> [PROBLEM TO SOLVE]:
The answer must be only the lines below from the one holding "Manar Schweiz Flagga" down to the one holding "Durable, high-quality board", ends included, printed exactly; please omit all pictures.

> [RECORDS FOR PROCESSING]:
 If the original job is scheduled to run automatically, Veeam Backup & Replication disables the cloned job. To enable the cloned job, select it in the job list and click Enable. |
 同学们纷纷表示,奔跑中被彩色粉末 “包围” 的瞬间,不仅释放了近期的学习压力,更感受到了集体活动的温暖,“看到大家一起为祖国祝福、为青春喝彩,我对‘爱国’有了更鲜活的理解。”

--

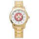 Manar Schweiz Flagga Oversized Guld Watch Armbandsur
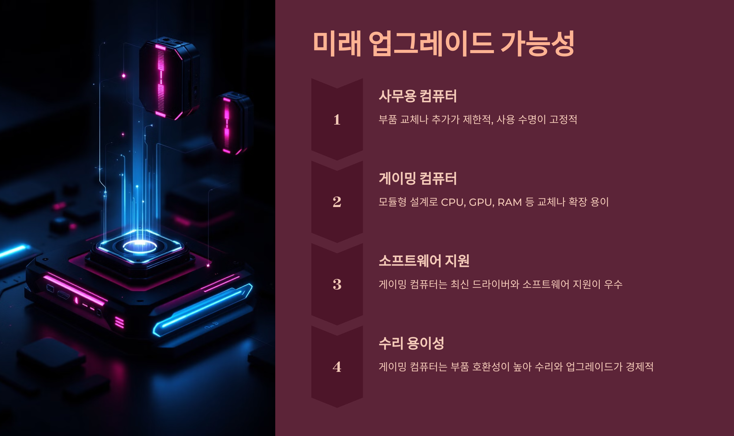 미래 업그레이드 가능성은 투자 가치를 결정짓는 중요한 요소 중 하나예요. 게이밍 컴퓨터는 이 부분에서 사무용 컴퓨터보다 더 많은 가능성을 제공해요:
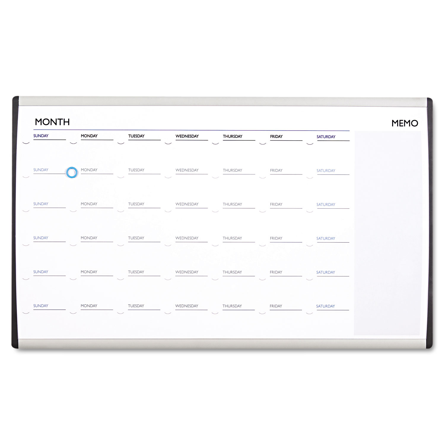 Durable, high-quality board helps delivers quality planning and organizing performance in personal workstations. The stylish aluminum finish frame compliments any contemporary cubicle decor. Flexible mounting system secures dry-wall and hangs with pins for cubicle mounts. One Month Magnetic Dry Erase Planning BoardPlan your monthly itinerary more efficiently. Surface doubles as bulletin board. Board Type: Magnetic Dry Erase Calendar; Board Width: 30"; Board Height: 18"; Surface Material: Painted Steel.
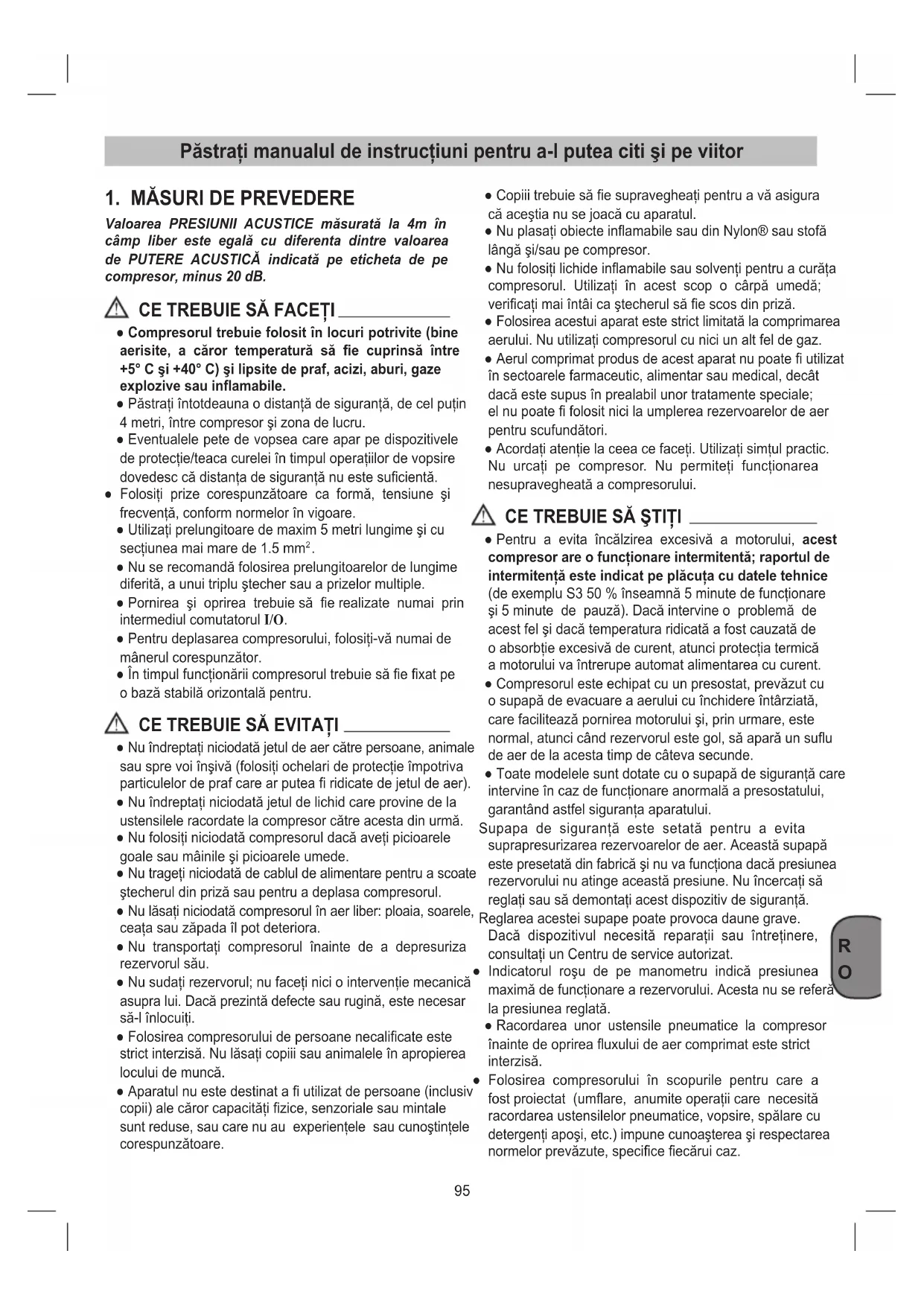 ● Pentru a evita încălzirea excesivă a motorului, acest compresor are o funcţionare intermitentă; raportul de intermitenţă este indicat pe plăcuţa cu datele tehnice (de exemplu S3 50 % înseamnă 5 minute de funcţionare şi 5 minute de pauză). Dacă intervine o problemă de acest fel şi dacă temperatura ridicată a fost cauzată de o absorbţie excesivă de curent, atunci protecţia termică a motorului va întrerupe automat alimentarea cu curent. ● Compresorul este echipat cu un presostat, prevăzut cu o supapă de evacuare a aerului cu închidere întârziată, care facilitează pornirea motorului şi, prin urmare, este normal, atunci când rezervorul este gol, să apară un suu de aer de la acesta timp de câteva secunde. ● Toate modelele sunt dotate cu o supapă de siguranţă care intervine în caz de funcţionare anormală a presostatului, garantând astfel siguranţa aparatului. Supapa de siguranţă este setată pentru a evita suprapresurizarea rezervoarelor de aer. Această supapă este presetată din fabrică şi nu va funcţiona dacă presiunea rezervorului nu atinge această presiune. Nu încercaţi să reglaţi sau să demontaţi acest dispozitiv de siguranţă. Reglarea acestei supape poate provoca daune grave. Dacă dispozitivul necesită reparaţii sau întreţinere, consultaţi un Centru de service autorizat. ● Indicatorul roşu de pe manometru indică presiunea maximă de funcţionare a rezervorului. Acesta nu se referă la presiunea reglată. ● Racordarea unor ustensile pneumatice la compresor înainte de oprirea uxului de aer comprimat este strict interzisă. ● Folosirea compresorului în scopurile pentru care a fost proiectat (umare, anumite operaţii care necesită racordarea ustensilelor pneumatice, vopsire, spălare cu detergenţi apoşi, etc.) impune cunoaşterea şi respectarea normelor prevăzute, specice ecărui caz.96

==

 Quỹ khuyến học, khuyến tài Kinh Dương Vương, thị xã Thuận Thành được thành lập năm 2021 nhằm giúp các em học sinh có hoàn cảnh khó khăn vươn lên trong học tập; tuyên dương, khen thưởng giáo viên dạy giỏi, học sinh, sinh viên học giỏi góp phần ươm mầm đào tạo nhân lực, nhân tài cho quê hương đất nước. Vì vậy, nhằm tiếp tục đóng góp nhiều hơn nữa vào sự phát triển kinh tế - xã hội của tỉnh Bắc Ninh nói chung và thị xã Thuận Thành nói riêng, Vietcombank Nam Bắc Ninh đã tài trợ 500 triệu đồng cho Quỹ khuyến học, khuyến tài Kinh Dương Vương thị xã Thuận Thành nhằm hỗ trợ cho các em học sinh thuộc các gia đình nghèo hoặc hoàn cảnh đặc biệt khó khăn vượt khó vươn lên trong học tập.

> [RESULT OF THIS EXERCISE]:
 Manar Schweiz Flagga Oversized Guld Watch Armbandsur
 미래 업그레이드 가능성은 투자 가치를 결정짓는 중요한 요소 중 하나예요. 게이밍 컴퓨터는 이 부분에서 사무용 컴퓨터보다 더 많은 가능성을 제공해요:
 Durable, high-quality board helps delivers quality planning and organizing performance in personal workstations. The stylish aluminum finish frame compliments any contemporary cubicle decor. Flexible mounting system secures dry-wall and hangs with pins for cubicle mounts. One Month Magnetic Dry Erase Planning BoardPlan your monthly itinerary more efficiently. Surface doubles as bulletin board. Board Type: Magnetic Dry Erase Calendar; Board Width: 30"; Board Height: 18"; Surface Material: Painted Steel.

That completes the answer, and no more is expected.